(Excerpts from a dataset)
= Beginning of Section =
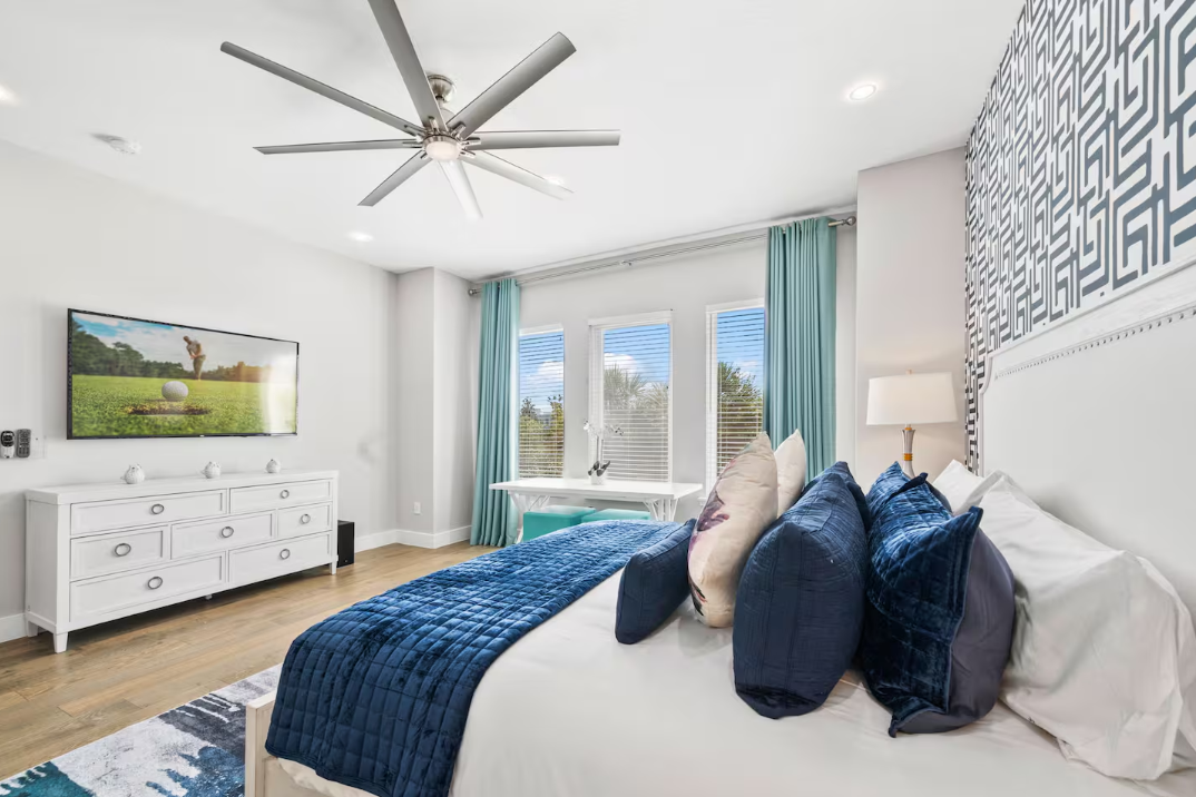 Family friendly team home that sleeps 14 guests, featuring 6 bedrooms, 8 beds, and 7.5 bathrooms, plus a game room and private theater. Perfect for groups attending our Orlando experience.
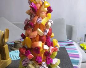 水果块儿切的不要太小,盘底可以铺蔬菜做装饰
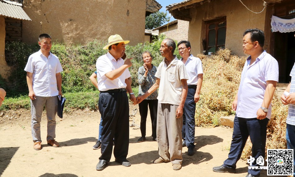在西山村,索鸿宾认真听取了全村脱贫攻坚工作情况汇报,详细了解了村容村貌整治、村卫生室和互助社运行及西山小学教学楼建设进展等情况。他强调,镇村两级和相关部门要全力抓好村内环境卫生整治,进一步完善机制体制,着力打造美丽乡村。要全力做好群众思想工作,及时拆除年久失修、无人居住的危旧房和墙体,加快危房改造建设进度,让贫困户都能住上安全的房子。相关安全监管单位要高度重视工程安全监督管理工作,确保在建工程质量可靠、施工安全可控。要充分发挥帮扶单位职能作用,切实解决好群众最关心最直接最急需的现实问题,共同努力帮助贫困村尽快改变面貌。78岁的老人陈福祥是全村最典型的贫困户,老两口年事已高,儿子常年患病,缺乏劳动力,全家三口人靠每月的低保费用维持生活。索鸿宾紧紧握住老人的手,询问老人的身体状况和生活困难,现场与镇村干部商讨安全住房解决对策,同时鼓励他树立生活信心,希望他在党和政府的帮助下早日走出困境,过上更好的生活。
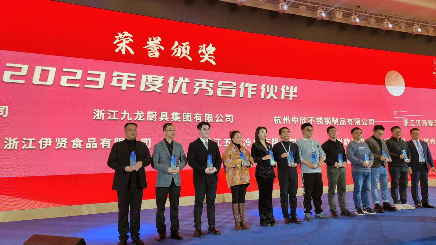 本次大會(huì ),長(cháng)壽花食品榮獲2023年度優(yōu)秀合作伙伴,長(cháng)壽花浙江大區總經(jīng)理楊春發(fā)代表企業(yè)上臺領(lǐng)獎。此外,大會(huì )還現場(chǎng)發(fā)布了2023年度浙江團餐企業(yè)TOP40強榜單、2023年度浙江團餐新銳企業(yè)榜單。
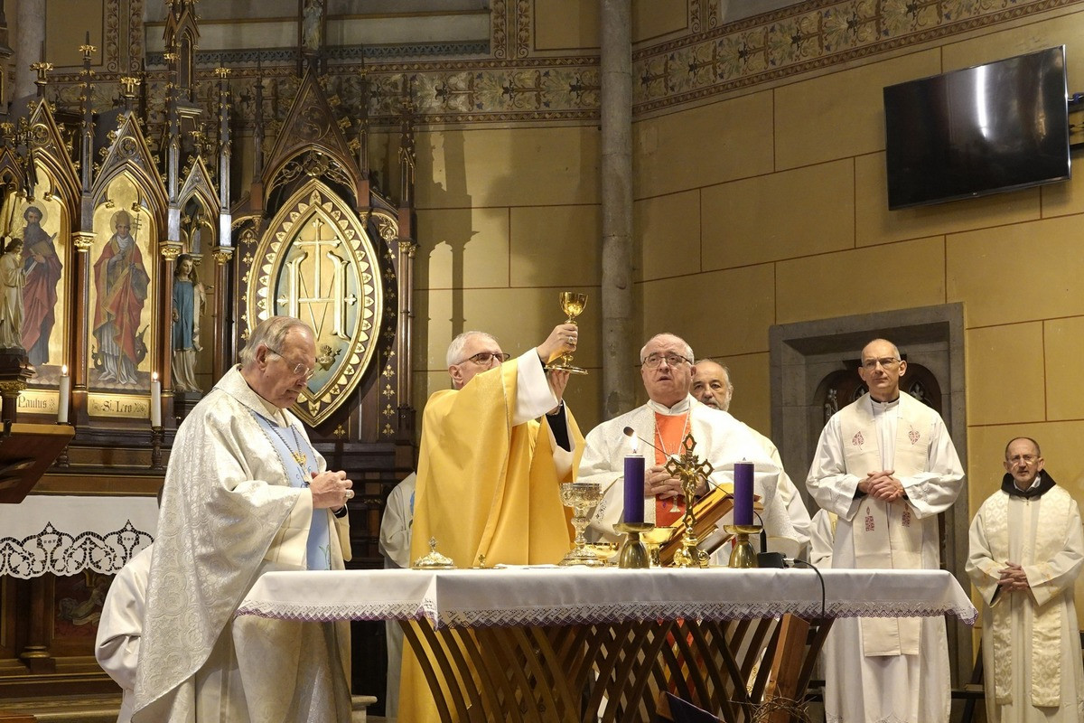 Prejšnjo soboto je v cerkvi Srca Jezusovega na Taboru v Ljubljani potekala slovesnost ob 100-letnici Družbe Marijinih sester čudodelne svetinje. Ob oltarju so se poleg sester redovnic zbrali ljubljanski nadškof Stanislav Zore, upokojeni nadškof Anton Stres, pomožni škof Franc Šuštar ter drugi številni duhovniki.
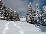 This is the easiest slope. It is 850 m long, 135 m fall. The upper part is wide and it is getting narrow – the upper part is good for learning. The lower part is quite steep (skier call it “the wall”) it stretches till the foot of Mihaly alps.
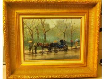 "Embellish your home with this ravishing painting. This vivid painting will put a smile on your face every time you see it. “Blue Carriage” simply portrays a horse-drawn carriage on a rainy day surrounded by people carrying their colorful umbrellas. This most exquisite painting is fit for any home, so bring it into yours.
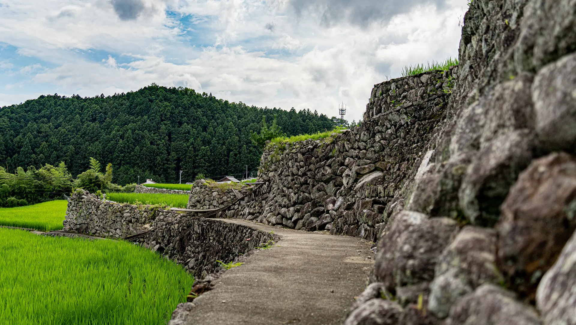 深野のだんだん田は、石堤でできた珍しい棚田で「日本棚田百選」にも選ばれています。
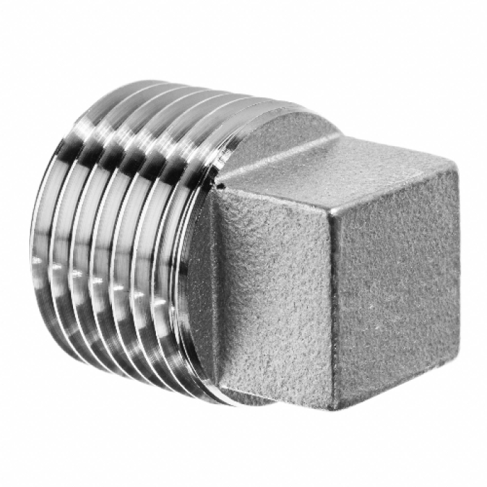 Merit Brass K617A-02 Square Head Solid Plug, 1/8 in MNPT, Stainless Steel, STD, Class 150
= End of Section =
TASK STATEMENT: Retype the records above exactly, starting at the line that contains "This is the" and going through the last line, and leave out any pictures.

RESULT FOR THIS TASK:
 This is the easiest slope. It is 850 m long, 135 m fall. The upper part is wide and it is getting narrow – the upper part is good for learning. The lower part is quite steep (skier call it “the wall”) it stretches till the foot of Mihaly alps.
 "Embellish your home with this ravishing painting. This vivid painting will put a smile on your face every time you see it. “Blue Carriage” simply portrays a horse-drawn carriage on a rainy day surrounded by people carrying their colorful umbrellas. This most exquisite painting is fit for any home, so bring it into yours.
 深野のだんだん田は、石堤でできた珍しい棚田で「日本棚田百選」にも選ばれています。
 Merit Brass K617A-02 Square Head Solid Plug, 1/8 in MNPT, Stainless Steel, STD, Class 150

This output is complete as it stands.